Data:
□ □ □ □ □ □ □

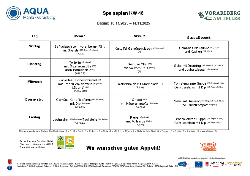 Menüplan | KW 46 | 10. - 14. November 2025
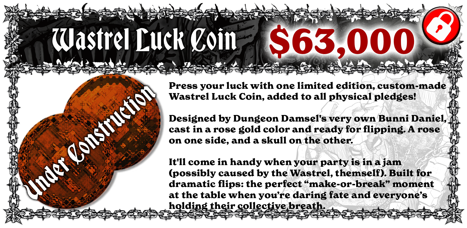 If we hit $63,000, every physical backer will receive a limited edition Wastrel Luck Coin, custom designed by Dungeon Damsel’s Bunni Daniel (our incredible collaborators over at Druskara ).
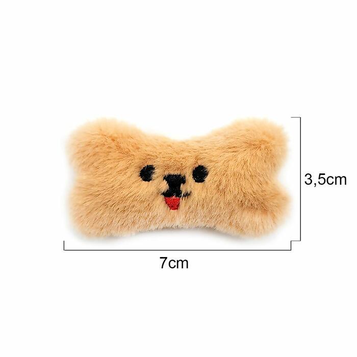 Descrição Aplique Pelúcia Cabeça de Cachorro Osso 7cm x 3,5cm Bege RO.154111

□ □ □ □ □ □ □

Exercise requirements: The lines from the one containing "If we hit $63,000, every" through the final line of the data are to be repeated exactly, with both ends included and all pictures left out.

Written answer:
 If we hit $63,000, every physical backer will receive a limited edition Wastrel Luck Coin, custom designed by Dungeon Damsel’s Bunni Daniel (our incredible collaborators over at Druskara ).
 Descrição Aplique Pelúcia Cabeça de Cachorro Osso 7cm x 3,5cm Bege RO.154111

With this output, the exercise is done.